Bars = observed proportions. Red triangles = OLS-implied category probabilities (treating the OLS fit as a continuous normal and binning at 0.5-unit edges). Purple dots = proportional-odds cumulative probit predicted probabilities. Green diamonds (when 'Also fit category-specific cumulative probit' is on) = CS probit's saturated fit. Orange squares (when 'Also fit heteroscedastic PO probit' is on) = heteroscedastic PO probit, which fits a per-arm latent variance — the right tool for the variance-only-shift scenario in Tour 4. Gaps between the OLS triangles and the bars show where OLS is compressing the tails or missing the shape.

Coefficients

OLS and the PO probit each summarize the treatment effect in a single coefficient with a familiar p-value. The category-specific probit cannot — its effect varies by threshold, so the contrast table below shows per-cell estimates with 95% CIs instead. For most applied decisions, those per-cell numbers (in proportions of users by response category) are the deliverable; the OLS coefficient and its p qualify a quantity — a scale-point shift in the mean of an ordinal variable — that is commonly what decisions ride on but, as we argue throughout the series, rarely what they should ride on.

Interaction tests

Model fit (AIC / BIC on a common categorical scale)

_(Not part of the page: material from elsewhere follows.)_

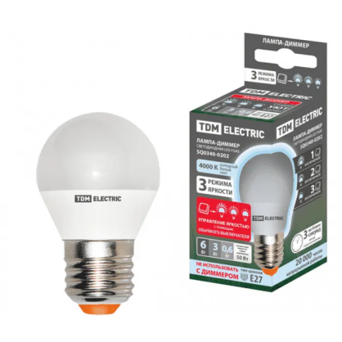 Лампа диммируемая светодиодная TDM G45 (Шар) 6Вт 230В 3000К E27, SQ0340-0203, Нижний Новгород

Log-likelihood, degrees of freedom, AIC, and BIC for each model fit on the same simulated data. Lower AIC and BIC indicate better fit. OLS's log-likelihood is computed on the categorical scale (integrating the fitted normal over half-integer bins around each integer category), not on the native Gaussian scale, so the three models are compared on a common likelihood scale. Under proportional odds with a near-normal baseline (e.g., Tour 1) the PO probit and OLS often score similarly; under bimodal, skewed, or PO-violating settings the cumulative probit family typically pulls ahead by a substantial margin.

Treatment contrast by category (with 95% CIs)

The contrast is P(Y = k | Model B) − P(Y = k | Model A), by response category (and subgroup, if the covariate is on). Probit Δ uses whichever cumulative-probit variant is enabled: the category-specific probit when its checkbox is on, the heteroscedastic PO probit when that one is on, and the standard PO probit otherwise. ⚠ flags categories where the OLS-implied contrast has the opposite sign from the probit point estimate — those are the cases where the choice of model not only changes the size of the reported effect, but flips its direction.
100%-stacked bars show the conditional response distribution in each arm (and subgroup, if the covariate is on). For ordinal outcomes this is usually a cleaner summary than the mean.
What does each model predict at the observed treatment effect (1×) and at the dialed counterfactual multiplier (presets default to 3×; slide back toward 1× to collapse the comparison)? The layout depends on the sidebar configuration.

Covariate off: four panels — OLS's predictive normal and the predicted CDF on top, per-category bar comparisons for OLS and the cumulative-probit family on the bottom, with observed proportions in orange. The cumulative-probit panel uses the standard PO probit by default and switches to the heteroscedastic PO probit when that checkbox is on. Out-of-bounds "<1" and ">K" columns are flagged grey; cumulative probit always assigns 0 mass there, OLS does not.

Covariate on: the figure switches to a 2×2 bar grid (one row per subgroup, one column per model). cf_mult scales each subgroup's treatment effect separately — β_treatment for the reference subgroup, β_treatment + β_interaction for the other — so the figure shows how the heterogeneous effect extrapolates. PDF and CDF panels are dropped in this mode; the per-subgroup bar contrasts carry the story.